Just as long as there aren't a huge number of them when an easier word would suffice, and if they're defined (whether outright or in clear context), I don't mind much.
For example, the example you yourself gave. If a "kurrigo" is just a bodyguard and nothing more, then perhaps either use the term "bodyguard," or say something like, "His kurrigo, or bodyguard, did such-and-such..." That way the reader won't have to puzzle over what the heck a kurrigo is for the next fifty pages. Is it a pet? A servant? A ghost?? Etc.
Use the fantasy term especially if there isn't an existing word that adequately defines what the object/being/whatever is. (E. g., there's some sort of aspect to a "kurrigo" that differentiates it from the typical bodyguard, hence the word "bodyguard" isn't adequate.)

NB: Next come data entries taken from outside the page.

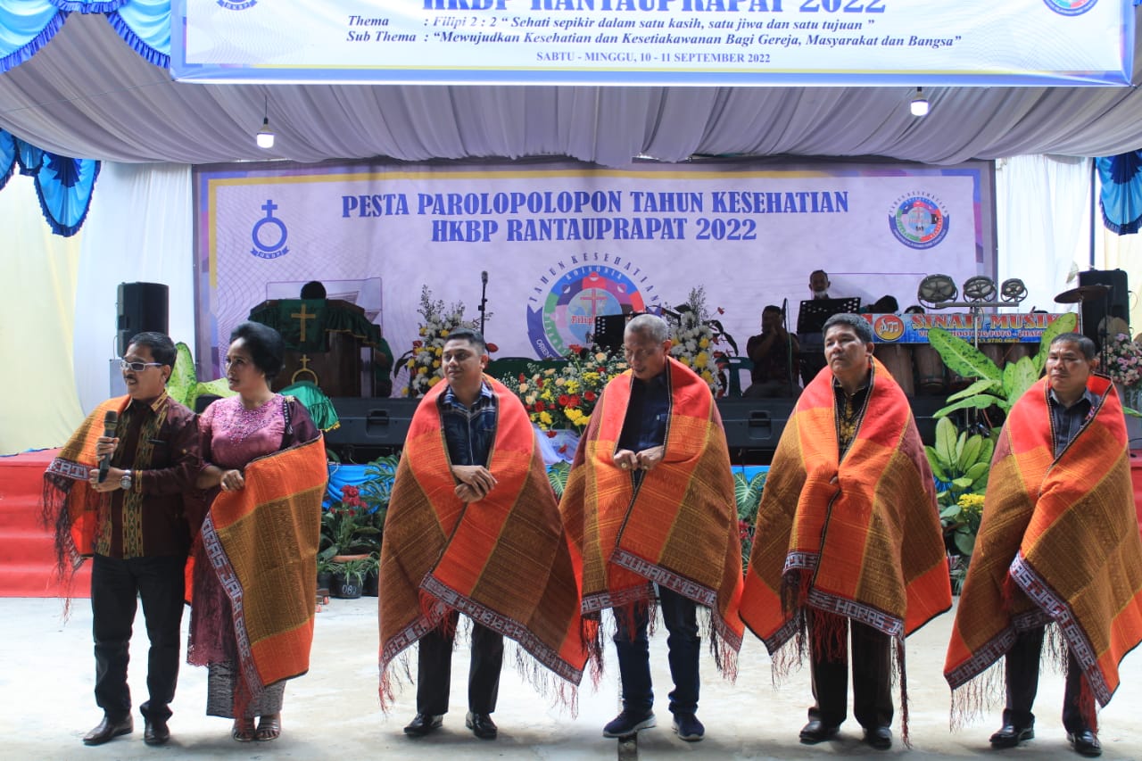 Acara dilanjutkan dengan pemberian Ulos oleh Sekjen HKBP Pdt. Dr. V. Tinambunan, M. ST kepada Bupati Labuhanbatu dr. H. Erik Adtrada Ritonga, M.K.M. dan berlanjut Pemberian Ulos kepada Perwakilan Dandim, Perwakilan Polres, Asisten l, Plt Diskominfo dan terakhir Kaban BAPPEDA.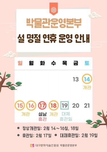 한편, 대구시립 3개 박물관은 설 연휴 다음날인 2월 19일(대체휴관일)에는 하루 쉰다.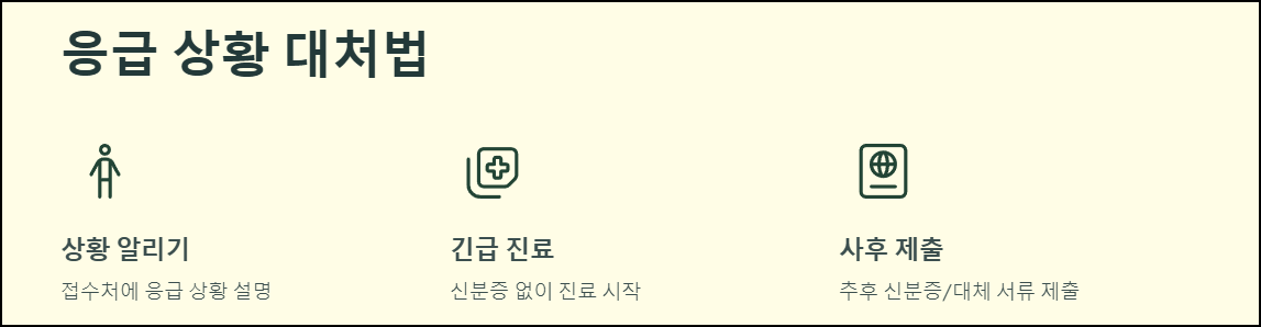 응급 상황에서는 병원에서 환자의 건강과 안전을 최우선으로 고려하기 때문에 신분증이 없어도 진료가 가능합니다. 아래 방법으로 대처하세요.

Using a fantasy term even if there's an adequate existing term can also help bring a fantasy world to life--just by throwing in little foreign terms here and there--it gives it more of a fantasy feel. (I'm obviously someone who uses such terms sometimes!) But it can be overdone, and most annoyingly is when the words aren't defined. Just because a "kurrigo" is doing something a bodyguard might do doesn't mean I will be able to assume that a kurrigo is a bodyguard. There will have to be some sort of clarification in the text of what a kurrigo (or any other fantasy term) actually is or means.
I'm nearly done with the "His Dark Materials" trilogy, and while most of the foreign terms used in the stories are gradually kind of defined in context, it really irked me that so many of them weren't clarified earlier on. For example, "naptha." I assume it's like kerosene or natural gas or something, because of how it's described and used throughout the books. Sure, it's not exactly a fantasy word, but it's not in regular usage, and it niggled at me that I was (and am) never quite sure what it is. Meaning the author was never QUITE clear enough giving a definition. That is irritating.
ETA: And I ditto Dario D.'s post. Some fantasy terms are just so obvious it's pathetic. They should sound natural, not forced. For example, a big ugly beast rears up out of a swamp and of course it's called a "glorknor" or "norglorp" or something. *blargh*
ETA 2: And see?--I spelled "naphtha" wrong. Ugh.